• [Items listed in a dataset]
++++
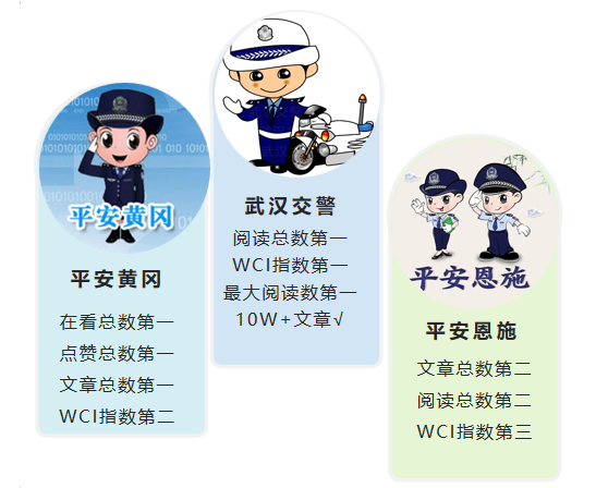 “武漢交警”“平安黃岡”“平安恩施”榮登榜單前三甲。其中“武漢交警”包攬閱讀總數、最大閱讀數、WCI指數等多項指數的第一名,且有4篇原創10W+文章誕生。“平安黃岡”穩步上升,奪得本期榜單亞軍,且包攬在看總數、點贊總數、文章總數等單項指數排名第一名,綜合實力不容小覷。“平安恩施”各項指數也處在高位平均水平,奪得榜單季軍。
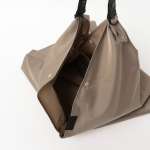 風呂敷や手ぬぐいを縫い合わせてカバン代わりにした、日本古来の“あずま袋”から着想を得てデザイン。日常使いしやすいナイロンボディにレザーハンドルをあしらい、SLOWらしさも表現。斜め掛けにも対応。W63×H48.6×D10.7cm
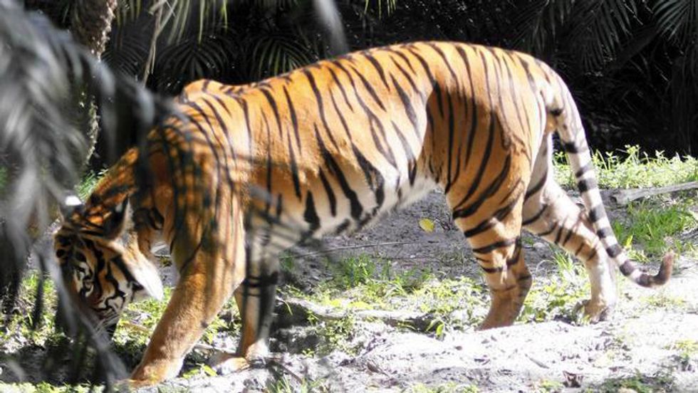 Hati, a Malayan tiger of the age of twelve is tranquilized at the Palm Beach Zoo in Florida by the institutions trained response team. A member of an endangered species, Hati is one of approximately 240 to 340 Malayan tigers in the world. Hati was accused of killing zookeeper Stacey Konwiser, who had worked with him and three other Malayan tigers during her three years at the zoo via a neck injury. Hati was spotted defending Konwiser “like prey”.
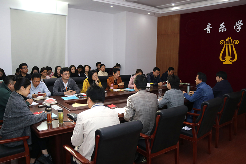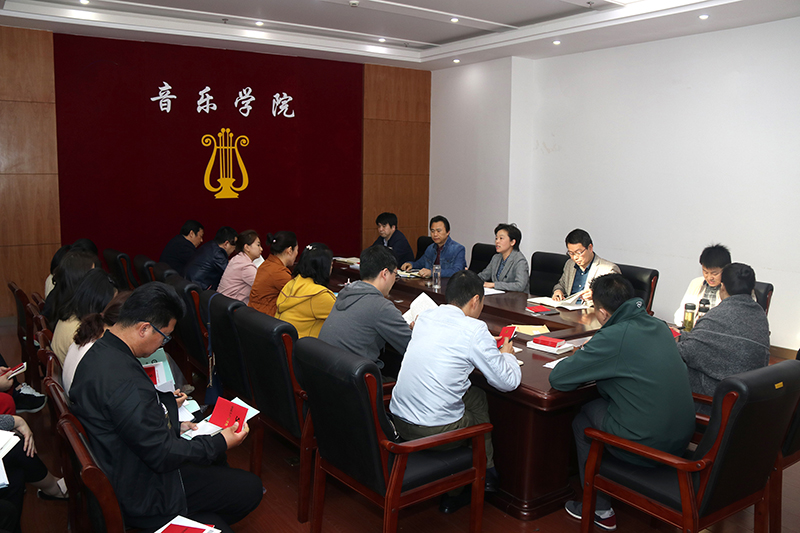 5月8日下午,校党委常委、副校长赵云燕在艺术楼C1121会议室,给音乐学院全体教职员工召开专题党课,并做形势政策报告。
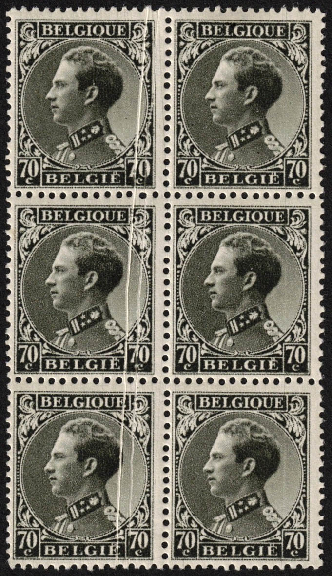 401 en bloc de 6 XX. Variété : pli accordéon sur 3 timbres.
++++
• [Task prompt]
Leaving the pictures aside, repeat the data above exactly.

• [Answer below]
 “武漢交警”“平安黃岡”“平安恩施”榮登榜單前三甲。其中“武漢交警”包攬閱讀總數、最大閱讀數、WCI指數等多項指數的第一名,且有4篇原創10W+文章誕生。“平安黃岡”穩步上升,奪得本期榜單亞軍,且包攬在看總數、點贊總數、文章總數等單項指數排名第一名,綜合實力不容小覷。“平安恩施”各項指數也處在高位平均水平,奪得榜單季軍。
 風呂敷や手ぬぐいを縫い合わせてカバン代わりにした、日本古来の“あずま袋”から着想を得てデザイン。日常使いしやすいナイロンボディにレザーハンドルをあしらい、SLOWらしさも表現。斜め掛けにも対応。W63×H48.6×D10.7cm
 Hati, a Malayan tiger of the age of twelve is tranquilized at the Palm Beach Zoo in Florida by the institutions trained response team. A member of an endangered species, Hati is one of approximately 240 to 340 Malayan tigers in the world. Hati was accused of killing zookeeper Stacey Konwiser, who had worked with him and three other Malayan tigers during her three years at the zoo via a neck injury. Hati was spotted defending Konwiser “like prey”.
 5月8日下午,校党委常委、副校长赵云燕在艺术楼C1121会议室,给音乐学院全体教职员工召开专题党课,并做形势政策报告。
 401 en bloc de 6 XX. Variété : pli accordéon sur 3 timbres.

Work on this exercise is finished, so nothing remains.